#### What the task asks
A verbatim reproduction of the lines below, from the line containing "Der Hochaltar aus" through the line containing "Vegan Menu Woodlands", both ends included, is the whole required output.

#### Data records
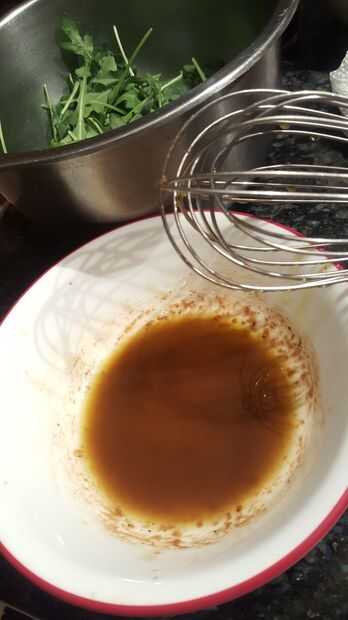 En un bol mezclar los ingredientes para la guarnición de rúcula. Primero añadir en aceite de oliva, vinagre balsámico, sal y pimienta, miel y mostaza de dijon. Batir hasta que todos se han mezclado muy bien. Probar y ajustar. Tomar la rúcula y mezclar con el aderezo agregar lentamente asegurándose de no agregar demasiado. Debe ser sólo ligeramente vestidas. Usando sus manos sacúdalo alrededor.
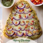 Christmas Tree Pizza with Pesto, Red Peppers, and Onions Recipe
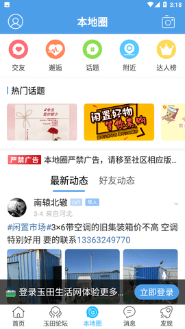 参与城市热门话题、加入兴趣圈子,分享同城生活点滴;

...

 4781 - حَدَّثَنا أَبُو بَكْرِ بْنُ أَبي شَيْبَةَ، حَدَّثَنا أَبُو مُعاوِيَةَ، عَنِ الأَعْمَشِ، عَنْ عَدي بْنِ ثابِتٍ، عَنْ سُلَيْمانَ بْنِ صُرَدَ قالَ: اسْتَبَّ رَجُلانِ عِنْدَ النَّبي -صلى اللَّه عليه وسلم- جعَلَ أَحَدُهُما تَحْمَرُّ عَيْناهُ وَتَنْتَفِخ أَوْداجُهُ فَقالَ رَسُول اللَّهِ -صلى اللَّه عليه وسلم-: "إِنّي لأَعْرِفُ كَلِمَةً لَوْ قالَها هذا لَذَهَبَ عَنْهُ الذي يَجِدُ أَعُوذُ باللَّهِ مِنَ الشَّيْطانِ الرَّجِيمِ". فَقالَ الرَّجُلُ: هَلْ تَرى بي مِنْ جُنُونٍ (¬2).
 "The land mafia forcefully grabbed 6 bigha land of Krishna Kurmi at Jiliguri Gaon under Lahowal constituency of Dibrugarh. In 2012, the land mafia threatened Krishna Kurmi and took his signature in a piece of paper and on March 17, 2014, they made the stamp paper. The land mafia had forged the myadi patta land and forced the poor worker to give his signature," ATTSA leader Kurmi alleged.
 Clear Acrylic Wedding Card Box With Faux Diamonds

* * *

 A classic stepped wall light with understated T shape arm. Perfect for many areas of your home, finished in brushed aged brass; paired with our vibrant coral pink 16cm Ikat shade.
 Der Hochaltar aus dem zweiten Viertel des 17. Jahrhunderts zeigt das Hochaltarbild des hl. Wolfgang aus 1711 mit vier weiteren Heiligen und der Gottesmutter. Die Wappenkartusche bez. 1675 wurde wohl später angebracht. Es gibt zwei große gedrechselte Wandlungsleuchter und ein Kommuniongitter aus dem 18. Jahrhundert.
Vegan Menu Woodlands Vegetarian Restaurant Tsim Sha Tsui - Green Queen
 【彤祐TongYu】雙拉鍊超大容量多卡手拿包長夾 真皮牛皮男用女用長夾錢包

#### Answer space
 Der Hochaltar aus dem zweiten Viertel des 17. Jahrhunderts zeigt das Hochaltarbild des hl. Wolfgang aus 1711 mit vier weiteren Heiligen und der Gottesmutter. Die Wappenkartusche bez. 1675 wurde wohl später angebracht. Es gibt zwei große gedrechselte Wandlungsleuchter und ein Kommuniongitter aus dem 18. Jahrhundert.
Vegan Menu Woodlands Vegetarian Restaurant Tsim Sha Tsui - Green Queen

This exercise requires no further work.